> [WHAT YOU WILL DO]
Beginning with the line that contains "इस मामले में" in the material below, print each line exactly until the line that contains "1月2日,陕西省委组织部、省" has been printed, then stop.

> [PROVIDED DATA]
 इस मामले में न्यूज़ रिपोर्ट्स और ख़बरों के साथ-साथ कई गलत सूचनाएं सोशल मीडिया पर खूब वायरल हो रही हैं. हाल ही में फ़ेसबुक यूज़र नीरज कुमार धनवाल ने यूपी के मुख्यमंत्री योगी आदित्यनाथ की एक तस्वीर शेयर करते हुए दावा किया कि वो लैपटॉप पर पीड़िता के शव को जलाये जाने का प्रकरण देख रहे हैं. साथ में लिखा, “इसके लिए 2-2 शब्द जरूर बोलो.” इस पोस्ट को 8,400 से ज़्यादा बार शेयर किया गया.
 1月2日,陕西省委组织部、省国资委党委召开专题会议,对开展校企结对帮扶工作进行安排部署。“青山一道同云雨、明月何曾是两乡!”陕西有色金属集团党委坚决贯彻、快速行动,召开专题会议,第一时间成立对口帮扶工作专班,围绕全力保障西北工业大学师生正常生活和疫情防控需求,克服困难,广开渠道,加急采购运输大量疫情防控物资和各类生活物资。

--

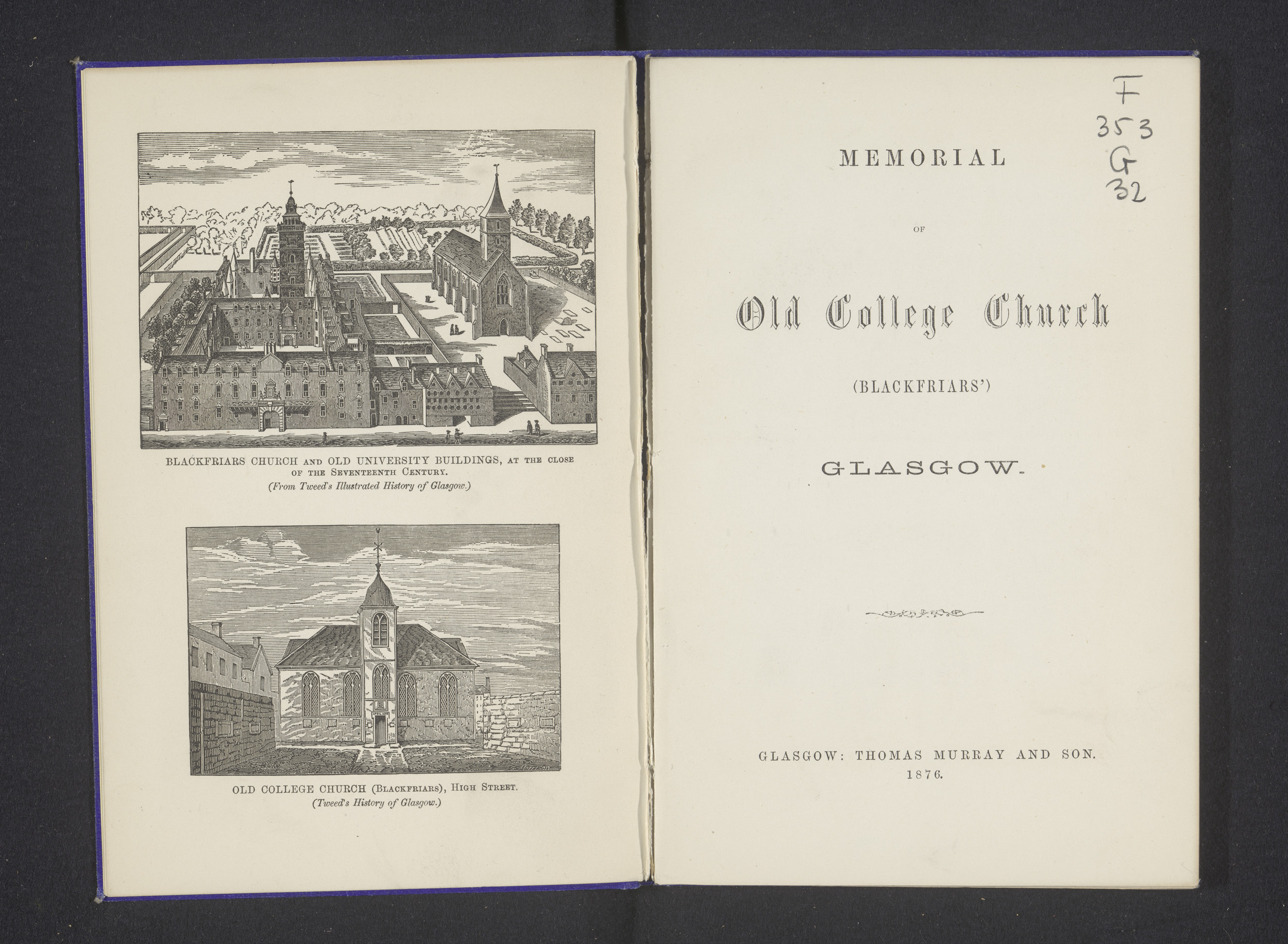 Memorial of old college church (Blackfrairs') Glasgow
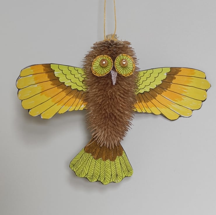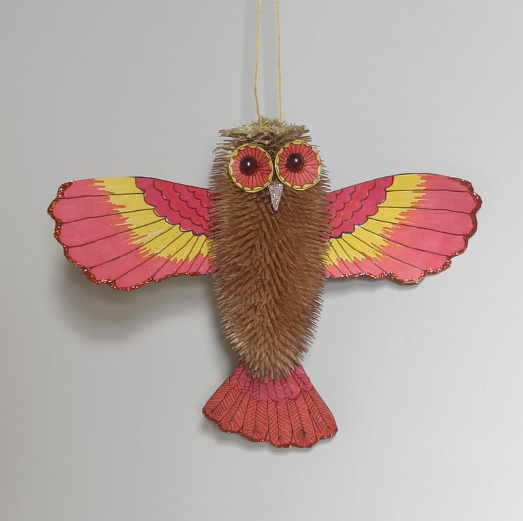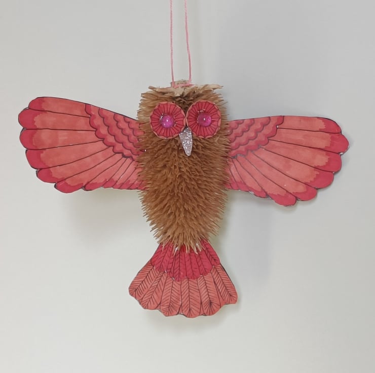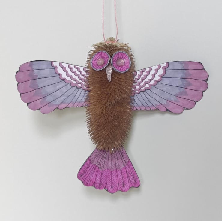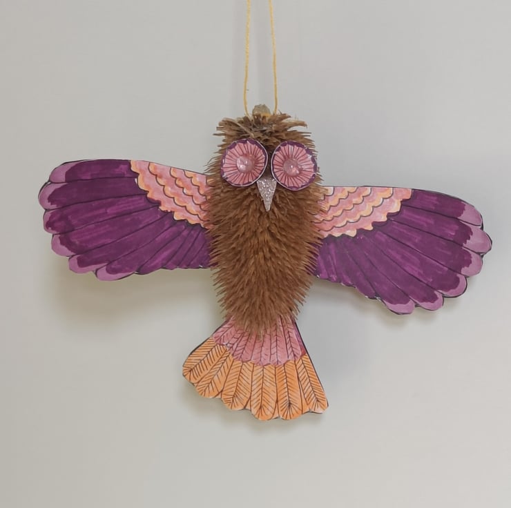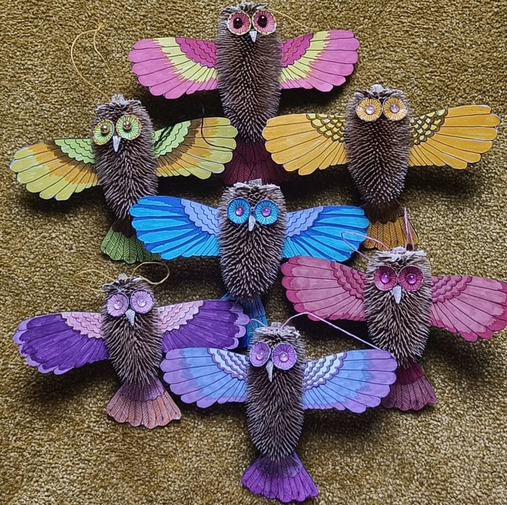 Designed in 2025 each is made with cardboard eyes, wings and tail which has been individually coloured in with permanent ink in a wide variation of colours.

...

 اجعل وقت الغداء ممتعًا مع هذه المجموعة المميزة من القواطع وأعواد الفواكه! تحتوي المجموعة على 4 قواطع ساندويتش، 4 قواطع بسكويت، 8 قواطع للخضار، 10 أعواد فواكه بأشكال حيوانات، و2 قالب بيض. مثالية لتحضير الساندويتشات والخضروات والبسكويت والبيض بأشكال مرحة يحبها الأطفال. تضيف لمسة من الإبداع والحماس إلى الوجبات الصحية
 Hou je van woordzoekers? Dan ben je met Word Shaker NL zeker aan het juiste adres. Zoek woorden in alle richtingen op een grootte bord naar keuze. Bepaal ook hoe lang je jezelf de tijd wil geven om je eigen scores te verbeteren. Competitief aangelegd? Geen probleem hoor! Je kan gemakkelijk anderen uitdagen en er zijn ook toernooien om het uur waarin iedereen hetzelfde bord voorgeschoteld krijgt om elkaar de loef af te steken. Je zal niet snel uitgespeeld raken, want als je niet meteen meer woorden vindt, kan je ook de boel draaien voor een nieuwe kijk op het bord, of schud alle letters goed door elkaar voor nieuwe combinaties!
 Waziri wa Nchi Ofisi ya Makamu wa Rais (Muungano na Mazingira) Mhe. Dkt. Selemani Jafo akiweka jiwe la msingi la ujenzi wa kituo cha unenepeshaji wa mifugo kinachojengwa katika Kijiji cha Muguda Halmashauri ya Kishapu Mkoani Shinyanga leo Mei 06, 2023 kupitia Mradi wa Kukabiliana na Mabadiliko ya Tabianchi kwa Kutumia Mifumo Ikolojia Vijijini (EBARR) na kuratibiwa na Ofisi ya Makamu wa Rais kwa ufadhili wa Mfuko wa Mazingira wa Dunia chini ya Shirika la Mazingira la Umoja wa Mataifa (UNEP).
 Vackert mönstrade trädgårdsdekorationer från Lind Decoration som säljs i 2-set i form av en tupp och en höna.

> [ANSWER FOR THE TASK]
 इस मामले में न्यूज़ रिपोर्ट्स और ख़बरों के साथ-साथ कई गलत सूचनाएं सोशल मीडिया पर खूब वायरल हो रही हैं. हाल ही में फ़ेसबुक यूज़र नीरज कुमार धनवाल ने यूपी के मुख्यमंत्री योगी आदित्यनाथ की एक तस्वीर शेयर करते हुए दावा किया कि वो लैपटॉप पर पीड़िता के शव को जलाये जाने का प्रकरण देख रहे हैं. साथ में लिखा, “इसके लिए 2-2 शब्द जरूर बोलो.” इस पोस्ट को 8,400 से ज़्यादा बार शेयर किया गया.
 1月2日,陕西省委组织部、省国资委党委召开专题会议,对开展校企结对帮扶工作进行安排部署。“青山一道同云雨、明月何曾是两乡!”陕西有色金属集团党委坚决贯彻、快速行动,召开专题会议,第一时间成立对口帮扶工作专班,围绕全力保障西北工业大学师生正常生活和疫情防控需求,克服困难,广开渠道,加急采购运输大量疫情防控物资和各类生活物资。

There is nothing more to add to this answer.